When a payment was received by the payee company, it was immediately transferred, usually on the same day, to another company, Euro-Arabian Jewellery Limited, which also maintained a US dollar account at the same branch of Lloyds bank. Euro-Arabian was registered in England with Mr. Jackson as one of its three directors. Jackson, Humphrey and Griffin were the authorised signatories of its bank account, with the agreement that either could act as a signatory in his own right. There is no evidence to show that Euro-Arabian carried on any genuine business activity. As soon as it received any payment from a payee company, it paid it out to parties located abroad. Most of the money went to Kinz Joaillier SARL, incorporated in France, which appears to be a subsidiary of Euro-Arabian Jewellery. Mr. Jackson was a director of the company with Yves Coulon acting as its legal adviser. Coulon had no authority to operate the bank accounts of any of the payee companies or Euro- Arabian, but the bank's assistant manager, a Mr. Breeze, was authorised to disclose information about the accounts to him. Indeed, Coulon visited the bank during his travels to London and lunched with Breeze who believed Coulon to be the man behind all the arrangements. Breeze was told to expect payments of about US $500,000 per month from Tunis. When a payment was expected, he would be notified by Jackson & Co. Upon receipt of money, he would telephone Jackson & Co and inform them that the sums had been received. After a short interval, but usually on the same day (presumably after instructions from someone e.g. Coulon), upon Mr. Jackson's instructions, the monies would be paid out.
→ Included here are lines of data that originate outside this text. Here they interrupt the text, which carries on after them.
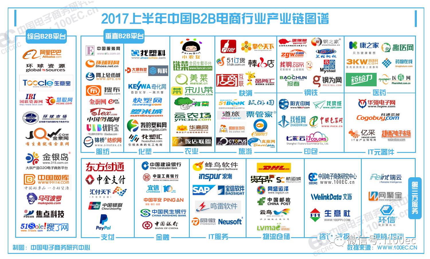 据中国B2B电子商务网(www.100ec.cn/zt/B2B)企业数据库监测显示,近两年中国B2B电商垂直领域快速崛起,正在“撬动”中国具备万亿市场规模相对“封闭”的领域。目前在B2B市场包括综合类的阿里巴巴、生意宝、环球资源、慧聪网、焦点科技、环球市场、金泉网、中国网库等;钢铁类的上海钢联、中钢网、钢之家、钢宝股份、找钢网等;服纺类的中国服装网、环球鞋网、网上轻纺城、搜布等;化塑类的找塑料网、环球塑化网、奇化网、快塑网、找化工网、化塑汇等;农业类的小农女、美菜、有菜、链菜、云农场等;旅游类的票管家、旅游圈、真旅网等;快消类的易酒批、品尚汇、进货宝、掌合天下等;医药类的珍诚医药、商康网、药给力等;印包类的中国包装网、七彩云、阳光印网等;IC元器件类的华强电子网、维库电子网、亿采网等。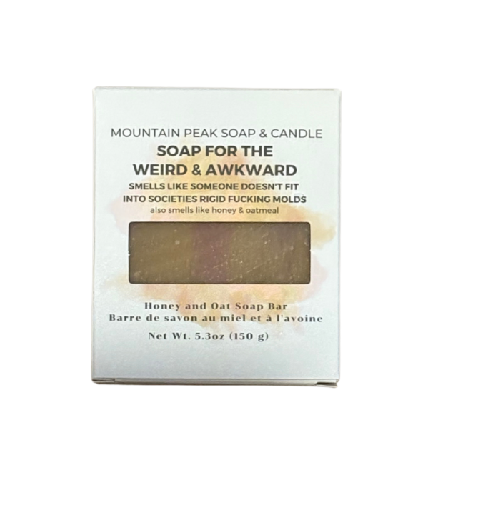 This soap is gritty and contains Water, Sodium Hydroxide, Cocoa Oil, Sustainably sourced Palm Oil, Olive Oil, Canola Oil, Oats, Parfum, and Mica.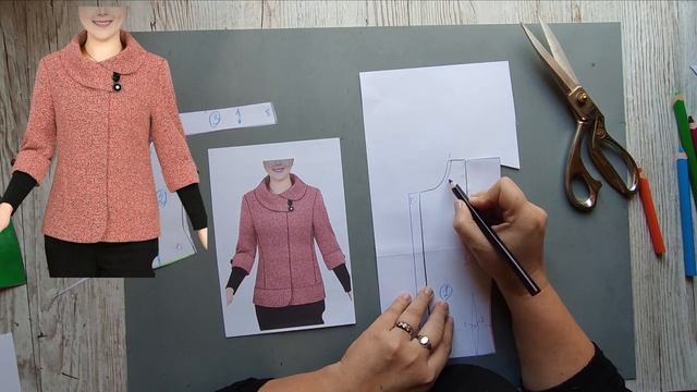 Моделирование. Круглый воротник на стойке на модели полупальто. Выкройка № 1443.

The case brought by AGIP centred on a payment to Baker Oil which was incorporated on 12 December 1984. Baker Oil had authorised share capital of 2,000 with two shareholders and bank signatories who were also its directors. Mr. Jackson and Mr. Griffin held the entire issued share capital of 1 each. Baker Oil opened a US$ account at the same London bank branch on 17th December 1984. Just a day later, a Mr. Del Sorbo, an AGIP official had signed a payment order of US $518,802.92 in favour of Maersk Supply (Tunisia) Limited, payable at Morgan Guaranty Trust Company of New York. After the signature, the payment had been altered and made payable to `Beker-Service Cie' with the address of the London branch of Lloyds Bank and the correct number of Baker Oil's dollar account. The altered payment order was executed by Banqu du Sud on 7th January 1985. Jackson & Co. had already told Lloyds Bank to expect a payment and asked to be informed of its arrival. On 7th January Mr. Del Sorbo also became aware of the fraud as he visited Banque du Sud. He asked the bank to stop the payments, but due to time differences between London, Tunis and New York, payments had already been made and could not be reversed. The sum of US$ 518,822.92 was received to the account of Baker Oil and then transferred to the account of Jackson & Co (opened in March 1984), held at the same branch of Lloyds and Baker Oil's account was immediately closed. These transactions were confirmed in a letter to Baker Oil. On 9th January 1985, the same amount was transferred to Jackson & Co's 'Client's' account at the Isle of Man Bank Limited. On 15th January, most of the amount was paid out from this bank account to Kinz Joaillier SARL. Subsequently, Baker Oil, Euro-Arabian and Kinz were all put into liquidation. AGIP brought proceedings in Tunisia against Banqu du Sud and also sought to recover US$ 518,822.92 from Baker Oil (which no longer existed) and Jackson & Co.